Always put a comment at the start of each source or header file, with (1) the name of the file, (2) the names and e-mail addresses of the authors of the code in that file (for this course it will only be you), and (3) a brief summary of what the file contains (for example, "(Lab 0) definitions for the namehash program, which computes a simple hash value based on program argument strings.")
Use comments and whitespace generously.
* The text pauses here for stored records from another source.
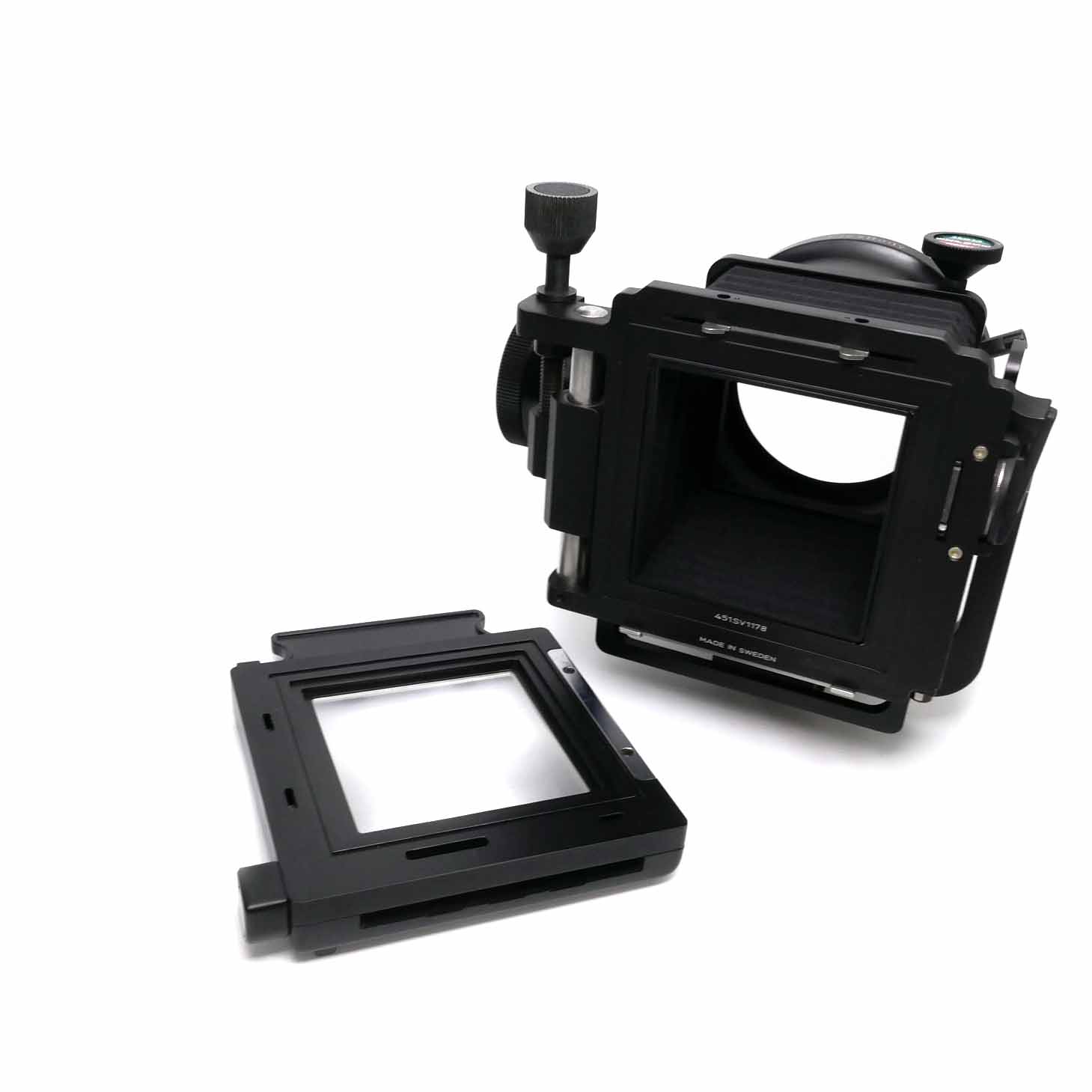 Dieses Hasselblad Flexbody CP (72109) mit der Seriennummer 451SV1178 befindet sich in einem ausgezeichneten Zustand. Das angebotene Flexbody wurde 2001 hergestellt. Das Flexbody ist eine kleine Fachkamera mit vielen Verstellmöglichkeiten. Die Kamera wird mit umfangreichem Zubehör geliefert. Zusätzlich zum Standardzubehör erhalten Sie auch den Hasselblad starrer Lichtschachtsucher (42013). Die Verstellmechanik funktioniert sehr geschmeidig. Der Balgen ist wie neu. Keine Gebrauchsspuren am Gehäuse und der Statiplatte. Die Mattscheibe ist ohne Reinigungsspuren. Sie können das Flexbody auch mit CFV-Digitalbacks verwenden.
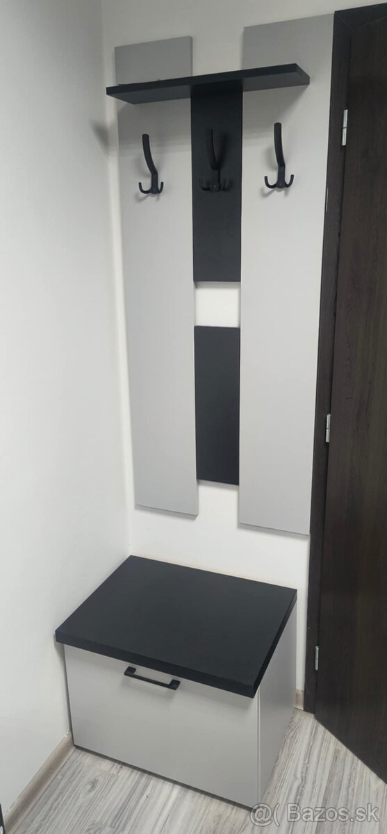 Predsieňová zostava/ vešiak + botnik - [27.3. 2026]Predam kovovu predsieň, sirka 90cm, vyska 190cm a hlbka 35 cm. Horna doska trochu zosuchana inak top stav. Odobny odber Miloslavov.
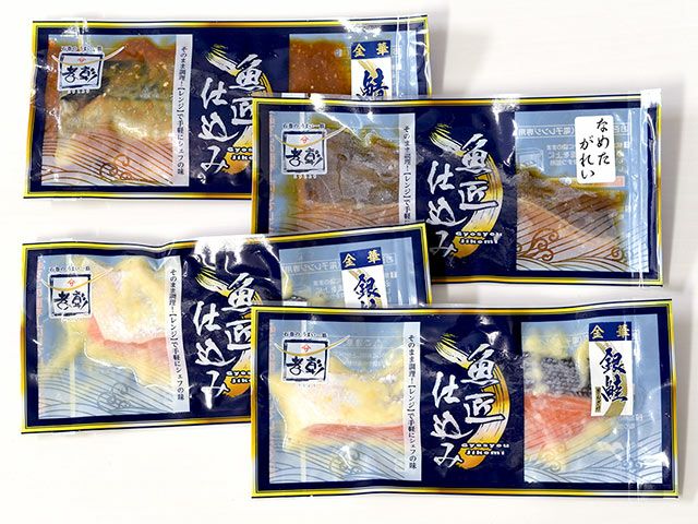 金華銀鮭西京漬け1切入×2、金華さば味噌漬け1切入×1、なめたがれい味醂漬け1切入×1

Comments should summarize what each non-trivial section of code does, and indicate why you designed it the way you did.
Avoid leaving "commented out" code fragments in submitted code - remove these or use conditional compilation to compile them in/out (by default they should be compiled out).
Avoid commenting things that are already fairly obvious from the code (e.g., begin and end of a method).
Always give a pointer (or size) arithmetic formula a comment explaining it: in general any non-obvious code should have a comment giving an intuition of what it does in general terms (and even better explaining why or how it does it that way).
Avoid unnecessarily cramping symbols or lines together, reducing readability (use lots of whitespace: it's free!)
for, if, switch, and while statements should have a space after the respective control keyword, as in:
```
        for (unsigned int i = 0; i < count; ++i)
           ++total;
      
```
Avoid using hard coded constants like 7: instead use an appropriately named constant variable (or if absolutely necessary a precompiler constant) like
```
     static const int days_in_a_week = 7;
```
Avoid including widely used character sequences (e.g., "Error") in a source or header file name, to make your code files easier to work with on different platforms and in different development environments. For example, GNU Make's error messages start with "Error", and so it's much easier to search for errors if filenames don't contain "Error".